** Opening Records supplied block **
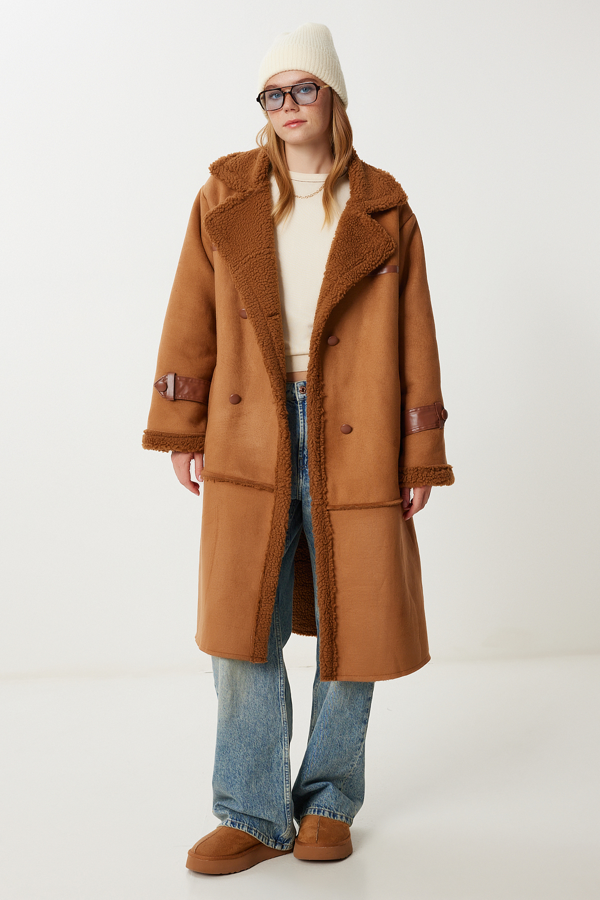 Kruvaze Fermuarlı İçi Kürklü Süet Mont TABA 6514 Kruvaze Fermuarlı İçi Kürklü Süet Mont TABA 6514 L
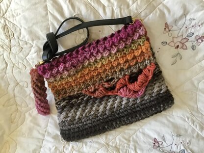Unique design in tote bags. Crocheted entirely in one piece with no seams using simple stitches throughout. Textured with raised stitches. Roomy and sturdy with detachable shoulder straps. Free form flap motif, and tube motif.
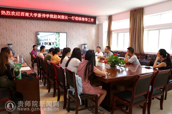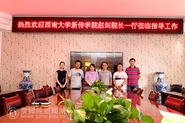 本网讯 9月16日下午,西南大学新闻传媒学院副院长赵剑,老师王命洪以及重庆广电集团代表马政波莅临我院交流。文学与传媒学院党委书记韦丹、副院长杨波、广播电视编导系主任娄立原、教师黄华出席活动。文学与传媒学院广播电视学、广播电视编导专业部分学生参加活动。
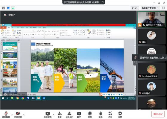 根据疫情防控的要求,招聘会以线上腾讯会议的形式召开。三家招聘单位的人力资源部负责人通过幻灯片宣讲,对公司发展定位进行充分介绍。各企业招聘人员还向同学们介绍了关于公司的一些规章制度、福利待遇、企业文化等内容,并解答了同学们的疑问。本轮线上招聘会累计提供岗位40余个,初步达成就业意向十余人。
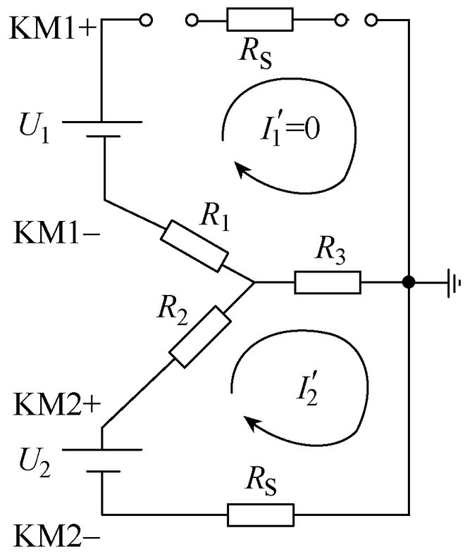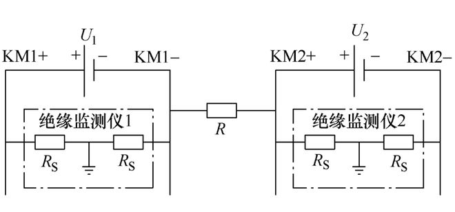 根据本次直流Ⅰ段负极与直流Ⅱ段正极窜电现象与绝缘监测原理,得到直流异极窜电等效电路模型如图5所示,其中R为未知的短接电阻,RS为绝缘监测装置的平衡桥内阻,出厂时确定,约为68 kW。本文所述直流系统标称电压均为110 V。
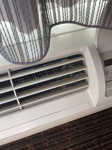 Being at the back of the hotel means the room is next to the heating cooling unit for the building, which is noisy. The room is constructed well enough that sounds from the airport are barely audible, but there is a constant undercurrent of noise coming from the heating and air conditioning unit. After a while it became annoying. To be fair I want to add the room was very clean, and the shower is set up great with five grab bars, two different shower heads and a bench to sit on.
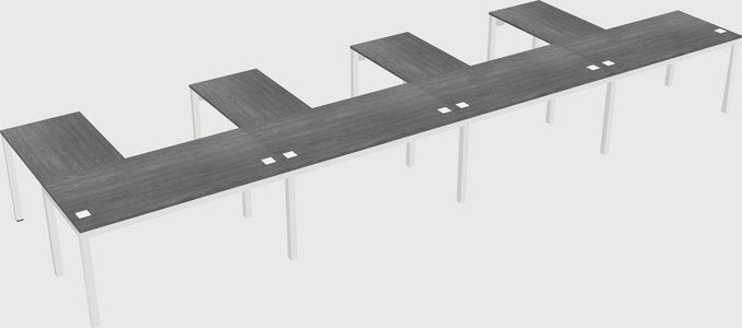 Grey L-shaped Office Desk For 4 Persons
** Closing Records supplied block **
→ Task directions
The expected answer is the line with "根据疫情防控的要求,招聘会以" followed by every remaining line of the listing, each restated exactly, with all pictures dropped.

→ Written solution
 根据疫情防控的要求,招聘会以线上腾讯会议的形式召开。三家招聘单位的人力资源部负责人通过幻灯片宣讲,对公司发展定位进行充分介绍。各企业招聘人员还向同学们介绍了关于公司的一些规章制度、福利待遇、企业文化等内容,并解答了同学们的疑问。本轮线上招聘会累计提供岗位40余个,初步达成就业意向十余人。
 根据本次直流Ⅰ段负极与直流Ⅱ段正极窜电现象与绝缘监测原理,得到直流异极窜电等效电路模型如图5所示,其中R为未知的短接电阻,RS为绝缘监测装置的平衡桥内阻,出厂时确定,约为68 kW。本文所述直流系统标称电压均为110 V。
 Being at the back of the hotel means the room is next to the heating cooling unit for the building, which is noisy. The room is constructed well enough that sounds from the airport are barely audible, but there is a constant undercurrent of noise coming from the heating and air conditioning unit. After a while it became annoying. To be fair I want to add the room was very clean, and the shower is set up great with five grab bars, two different shower heads and a bench to sit on.
 Grey L-shaped Office Desk For 4 Persons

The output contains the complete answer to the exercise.